On July 1, state officials of South Carolina will focus their auditing investigation on 110,000 companies. With fewer than 100 employees each, the companies under investigation will be required to show that their employees are authorized to work in the United States and that they are complying with South Carolina’s Illegal Immigration Reform Act.
The majority of businesses under scrutiny are those most often guilty of employing foreign workers – landscaping companies, farms, restaurants, hotels, construction firms, and golf courses.
Larger companies of SC were audited last fall and the vast majority – 94% - were found to be in compliance. However, officials are not expecting a 94% rate this summer – “There may be some confusion,” said Jim Knight, communications director for the state Department of Labor, “We definitely don’t expect a 94% compliance rate.”
The owner of Pleasant Places landscaping in Mount Pleasant, South Carolina was fined $11,500 and another $20,000 in attorney fees after the state cited his business not just once, but twice for violating the immigration law.

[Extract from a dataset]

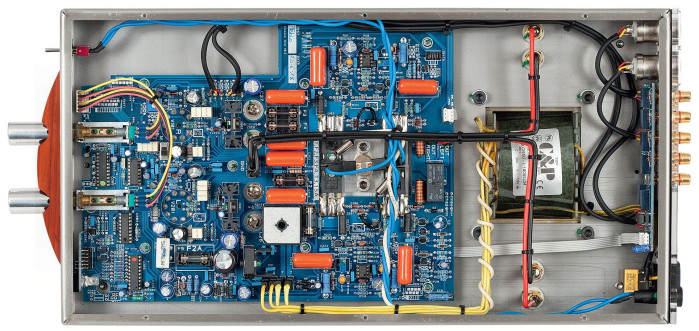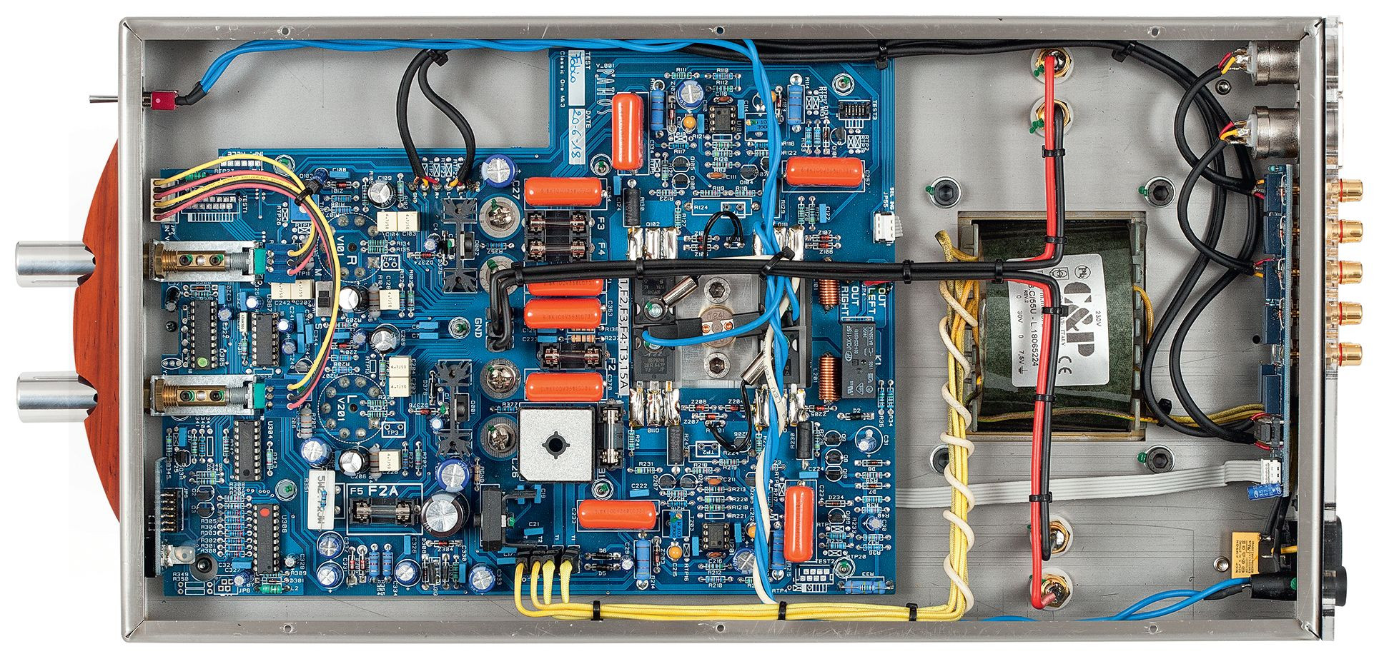 Sygnał z gniazd wejściowych jest prowadzony starannie ułożonymi wiązkami przewodów. Regulacja wzmocnienia odbywa się w scalonym tłumiku marki Burr Brown. To jedna z tych sekcji, którą przebudowano względem modelu Mk II (tam regulator pochodził od Cirrus Logic). Sekcja przedwzmacniacza jest zbalansowana i pracuje w czystej klasie A. Odważnie zrezygnowano ze sprzężenia zwrotnego.

The business owner said he was confused over the new requirements that go above and beyond the federal requirements.
Employers must use one of two methods to verify the legal status of new workers. The can require employees to provide a South Carolina driver’s license or identification card, or a motor vehicle license from one of 26 other states whose requirements are as strict as the Palmetto State’s. Companies also can use the Department of Homeland Security’s online database, E-Verify, to verify the status of their employees.